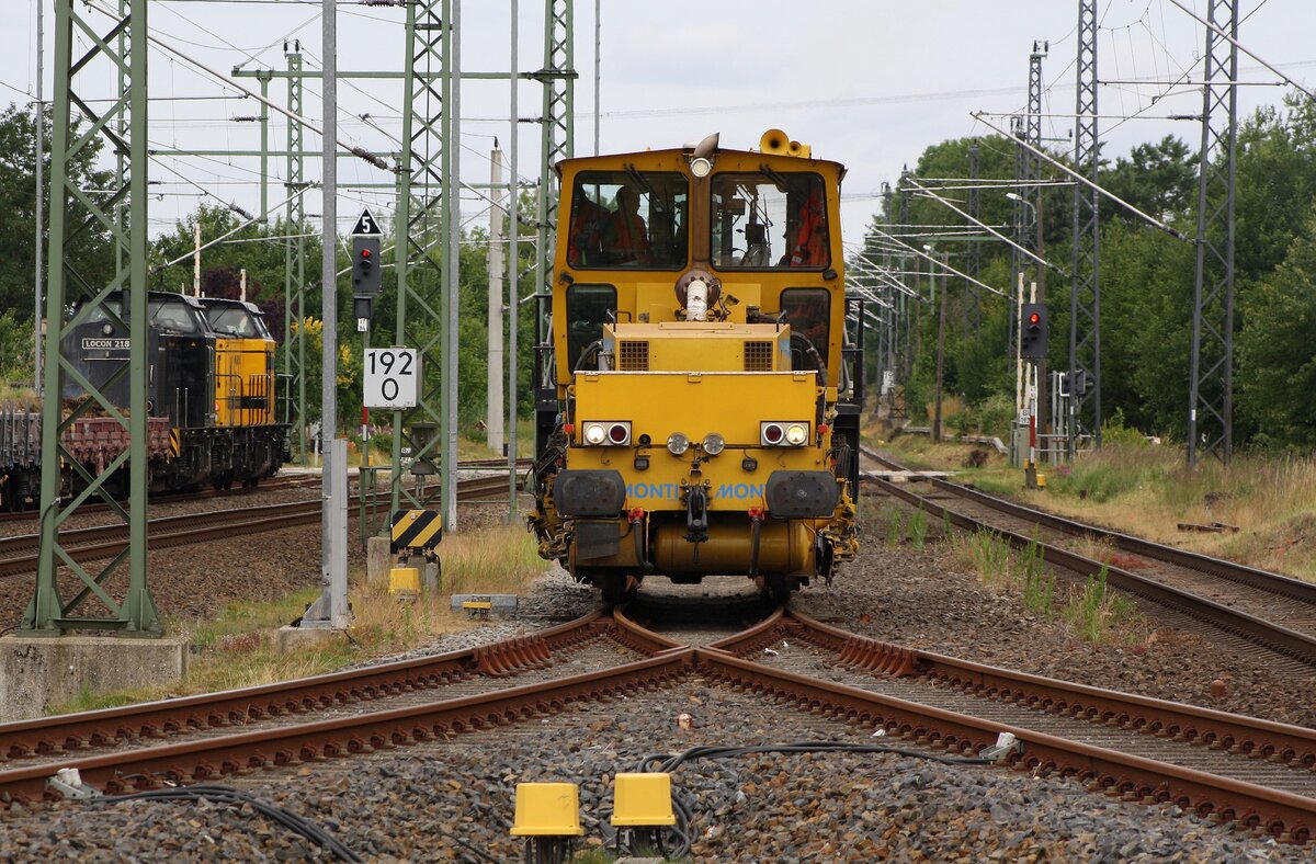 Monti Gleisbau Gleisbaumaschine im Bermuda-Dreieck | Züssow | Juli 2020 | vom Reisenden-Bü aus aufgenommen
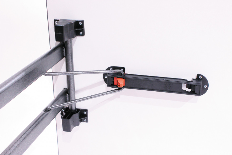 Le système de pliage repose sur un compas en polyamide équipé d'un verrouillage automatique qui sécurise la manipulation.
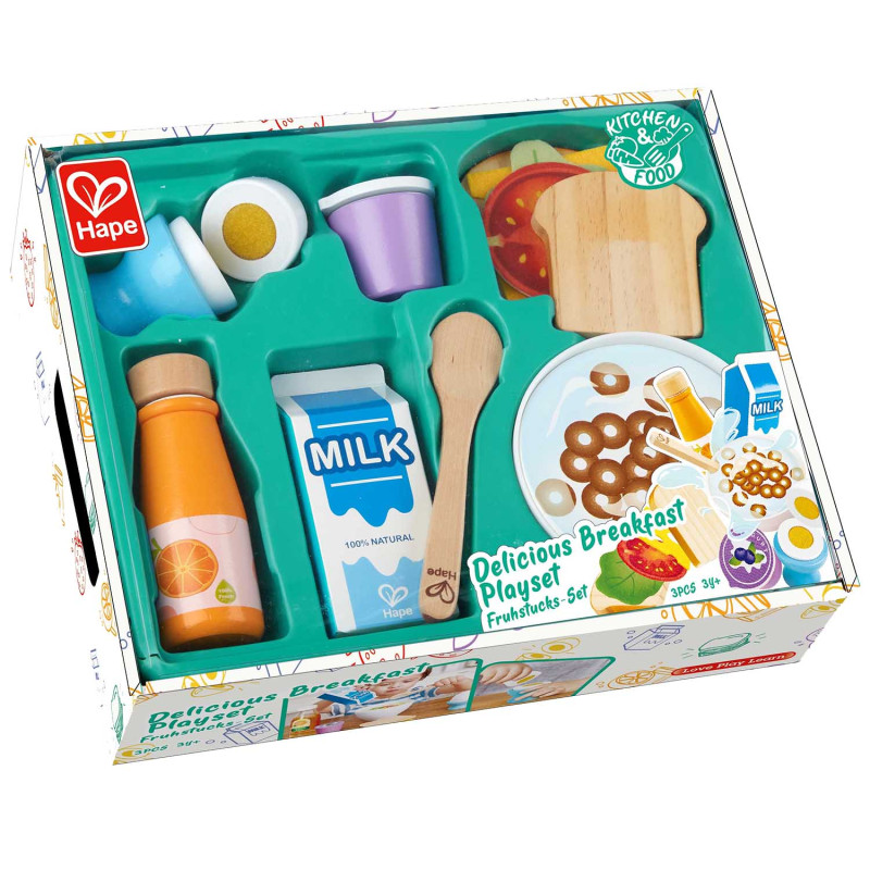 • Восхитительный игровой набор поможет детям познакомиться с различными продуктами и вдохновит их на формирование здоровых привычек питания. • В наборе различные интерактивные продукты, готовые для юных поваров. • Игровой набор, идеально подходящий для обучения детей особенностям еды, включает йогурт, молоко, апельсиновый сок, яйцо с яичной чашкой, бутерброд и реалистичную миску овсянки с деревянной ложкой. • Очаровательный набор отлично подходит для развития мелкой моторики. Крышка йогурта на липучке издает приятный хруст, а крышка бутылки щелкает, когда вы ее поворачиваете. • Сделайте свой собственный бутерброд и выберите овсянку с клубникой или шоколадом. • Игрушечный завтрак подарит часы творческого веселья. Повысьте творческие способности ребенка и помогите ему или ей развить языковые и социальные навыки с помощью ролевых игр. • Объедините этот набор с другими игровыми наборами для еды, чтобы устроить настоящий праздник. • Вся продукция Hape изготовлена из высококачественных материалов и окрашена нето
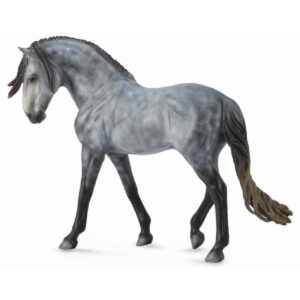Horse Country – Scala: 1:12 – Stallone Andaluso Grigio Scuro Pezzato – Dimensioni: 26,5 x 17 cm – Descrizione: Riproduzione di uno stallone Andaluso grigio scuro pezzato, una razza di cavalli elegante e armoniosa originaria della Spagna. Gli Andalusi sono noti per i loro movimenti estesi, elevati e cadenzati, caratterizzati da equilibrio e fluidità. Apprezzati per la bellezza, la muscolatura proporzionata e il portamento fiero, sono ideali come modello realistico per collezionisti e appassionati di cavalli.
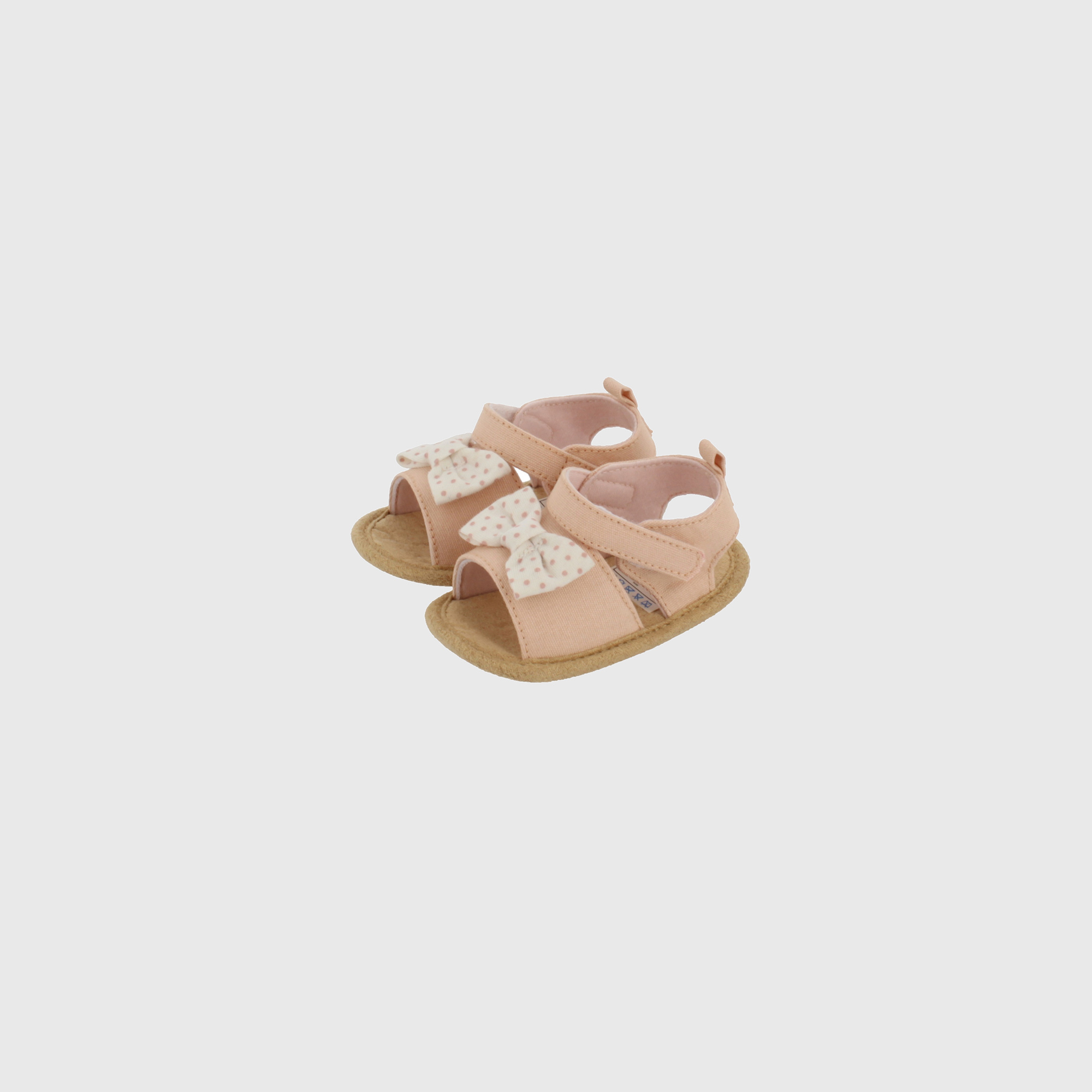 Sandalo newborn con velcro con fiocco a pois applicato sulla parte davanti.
- - - -
> **What to work on**
I would like an exact copy of the lines from the one holding "и окрашена нето" through the last line of the entries above, with the pictures left out.

> **Result for this exercise**
 • Восхитительный игровой набор поможет детям познакомиться с различными продуктами и вдохновит их на формирование здоровых привычек питания. • В наборе различные интерактивные продукты, готовые для юных поваров. • Игровой набор, идеально подходящий для обучения детей особенностям еды, включает йогурт, молоко, апельсиновый сок, яйцо с яичной чашкой, бутерброд и реалистичную миску овсянки с деревянной ложкой. • Очаровательный набор отлично подходит для развития мелкой моторики. Крышка йогурта на липучке издает приятный хруст, а крышка бутылки щелкает, когда вы ее поворачиваете. • Сделайте свой собственный бутерброд и выберите овсянку с клубникой или шоколадом. • Игрушечный завтрак подарит часы творческого веселья. Повысьте творческие способности ребенка и помогите ему или ей развить языковые и социальные навыки с помощью ролевых игр. • Объедините этот набор с другими игровыми наборами для еды, чтобы устроить настоящий праздник. • Вся продукция Hape изготовлена из высококачественных материалов и окрашена нето
Horse Country – Scala: 1:12 – Stallone Andaluso Grigio Scuro Pezzato – Dimensioni: 26,5 x 17 cm – Descrizione: Riproduzione di uno stallone Andaluso grigio scuro pezzato, una razza di cavalli elegante e armoniosa originaria della Spagna. Gli Andalusi sono noti per i loro movimenti estesi, elevati e cadenzati, caratterizzati da equilibrio e fluidità. Apprezzati per la bellezza, la muscolatura proporzionata e il portamento fiero, sono ideali come modello realistico per collezionisti e appassionati di cavalli.
 Sandalo newborn con velcro con fiocco a pois applicato sulla parte davanti.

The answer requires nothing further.